Legend. Results of the comparison tests between the performance indicator for AIDW and IDW according to the rule if AIDW < IDW is true then 1, otherwise 0, for: (a) MAE. (b) RMSE. (c) MRE. (d) Result of the comparison test between of the agreement of the three indicators, if all three are 1 then the value is 1, otherwise 0; TOT is the sum of the calculated values present in the column above.

).

From a descriptive point of view, the MAE minimum values were calculated for the Bari Osservatorio station and the maximum for Bosco Umbra. For RMSE, the minimum was found in Ostuni and the maximum was always in Boso Umbra. Finally, for MRE, the minimum for AIDW was in Cagnano Varano and IDW was in Foggia Osservatorio, while the highest was in Bari Osservatorio.

The value calculated for AIDW is less than that calculated for IDW for n. 23 out of 28 cases for the EAW, 22 out of 28 for RMSE and 20 out of 28 for MRE.

This implies that for the test stations considered for the data series, i.e., accumulated monthly rainfall in 10 years, considering only one of the performance indicators, the results obtained for AIDW are better performing than those obtained on IDW from 71% to 82%. For 16 stations, i.e., 57% of the test stations, all three indicators are aligned, i.e., the value calculated for AIDW is always lower than that calculated for IDW. In all these cases, the AIDW is better than the simple IDW.

These stations vary between those at low altitudes and close to the sea, for example, Taranto, Santa Maria di Leuca, to the one with a high altitude and a considerable distance from the sea, that is Faeto. It is reported that most of the stations where there are no correspondences between the three performance indicators are located at high altitudes where the climatic conditions are very variable and where mountain ranges could also act as a barrier to precipitation carried by air currents. These stations are, for example, Bosco Umbra, Monte Sant’Angelo, Monteleone di Puglia (in the latter two, IDW seems to perform better than AIDW). In these last two stations, we must recognize that the introduction of the weight of the altitude in the calculation of the spatialized value negatively affects the prediction (this may be due to the strong wind recorded). As can be seen from the map in Figure 1b, the Faeto station is positioned near two other stations, making the output data much more reliable. Otherwise, the Monteleone di Puglia and Monte Sant’Angelo stations not only are not near other stations, but they are not even surrounded by other stations and, being also in situations of different microclimate, the introduction of the altitude is a factor that could increase the error because another variable influences the precipitation, that is the wind. Therefore, if a station is not surrounded by others, further investigations should be made before introducing the quota, perhaps using the method based on these three performance indicators, while if we do not fall into these situations, the AIDW algorithm is more performant and this must be taken into consideration also given that it is possible to implement it with open-source software, it is low cost and can be integrated into other complex DSS systems.

Finally, regarding the distances from the sea, the rainfall values do not seem to be influenced by this parameter which could undoubtedly be helpful in the case of spatialisation of the absolute and relative humidity values.
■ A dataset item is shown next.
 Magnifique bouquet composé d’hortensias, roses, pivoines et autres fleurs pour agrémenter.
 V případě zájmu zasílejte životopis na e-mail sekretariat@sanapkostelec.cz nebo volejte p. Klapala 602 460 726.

Comparing our AIDW with previous studies, we can consider it a good compromise between deterministic (IDW) and geostatistical (OK, KED, COK, EBK) methods. On the one hand, deterministic methods are based on “the postulation that the rainfall value at an unsampled point can be estimated as the distance-weighted average of the rainfall values at sampling points” [32]. On the other hand, geostatistical interpolation algorithms involve the use of variables associated with the measured points in the prediction of the values in unknown points [32]. Our implemented algorithm combines both approaches considering different parameters, “in our case elevation”, associated with available data to improve missing data prediction. Usually, previous studies demonstrated better accuracy of more sophisticated geostatistical methods, e.g., KED and COK [32,59], than deterministic ones in terms of applicability to rainfall estimation.

However, some authors [59] observed similar good performance between IDW and OK for precipitation estimation. Furthermore, the great advantages of our AIDW are its simplicity and speed in returning information (a few seconds of computational time). The information is provided on demand in a point-like manner.
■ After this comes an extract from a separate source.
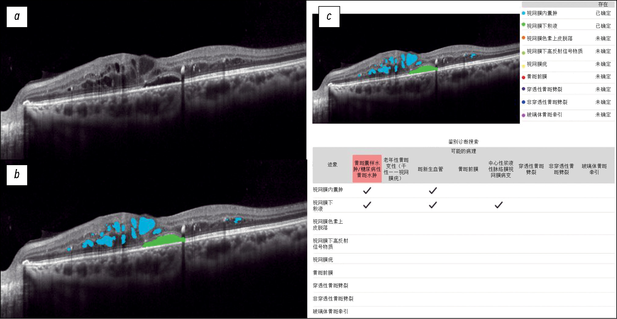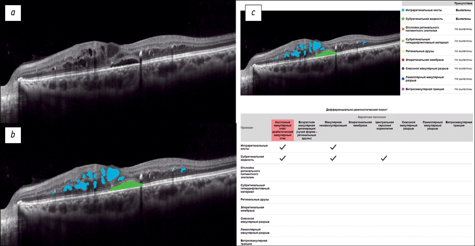 Fig. 1. An example of the optical coherence tomography scan analysis of a patient with diabetic macular edema by the artificial intelligence algorithm: a — structural optical coherence tomography scan; b — optical coherence tomography scan after segmentation of the pathological features (subretinal fluid — green mask, intraretinal cysts — blue masks); c — scan analysis report (the reporting table of the differential diagnostic search, probable pathology is highlighted in red — macular edema).

Therefore, it is not necessary to have large servers for storing information as high-resolution distribution maps are not produced. This is translated in an easy, rapid and low-cost customizable tool.

The effect of implementing algorithms adding complementary information on rainfall data should depend on the level of correlation among variables and the richness of pluviometric stations. Usually, high estimation accuracy is obtained when a very dense station network is available [60]. However, the accuracy of estimation is also highly correlated to the study area, time scale and precipitation. Therefore, there is no method appropriate for all circumstances and sometimes the efficiency of more sophisticated algorithms is not greater than that of simple ones [60,61,62,63].

4. Conclusions

Geospatial interpolation, implemented through the introduction of other factors into the weight calculation and through low-cost and open-source scripting languages, whose paradigm is based on an Augmented Inverse Distance Weighted algorithm, allow deriving more accurate pluviometric and thermometric values for unknown points. This is very useful for evaluating frosts, drought events and consequently better managing crop damage and related compensation. For example, this application proved to be very useful for identifying claims that were not truthful and for which compensation for crop loss was not provided. The algorithm created represents a solution implemented in on-demand mode as it can respond to different requests that must make use of different input data: if there is a request for compensation due to drought or frost, it can occur if the request is appropriate and follows up on refunds. This is the main application it carries out to date.

The methodology implemented also allows us to understand the geographical areas that need a greater concentration of monitoring stations, increasing network density. These considerations can be extrapolated from the calculated values of performance indicators, which prove to be very useful for understanding the added value of spatialized data, making us understand, at the same time, which factors most influence the recorded values and which must be considered for a more precise spatialisation.

This methodology could also be adopted, for its simplicity of implementation in any context, from applications for local administrators to applications in the search field, for example, the integration for a more accurate calculation of various climatic and bioclimatic indices and graphs [64,65,66,67] or to improve local weather reports.

All these indexes can provide more detailed and more functional information for adequate agricultural management, giving simple information of immediate use for the application and execution of various administrative procedures related to the management of agro-ecosystems.

Moreover, following simple precautions, they can be used in the different regional territories of reference following the project’s specific needs that arise from the bodies responsible for the local government.

With regard to the data available, the processing of the information provided by the various monitoring stations can also provide an overview of the current climate change trends and allow the adoption of appropriate strategies for reducing impacts in the agricultural sector. It is known that any changes in the frequency and intensity of extreme events can significantly impact society, agriculture, industry, and a functional ecosystem. An evaluation of historical data, whose historical series can also be reconstructed with this proposed methodology where they were not available, is essential for providing indications on trends and better planning of management policies considering site-specific conditions. From the analysis of a robust dataset indicating the current climatic trend, it is potentially possible to reduce the risks deriving from phenomena, such as intense precipitation (floods and landslides) and other risk factors such as population density and policies related to land utilisation.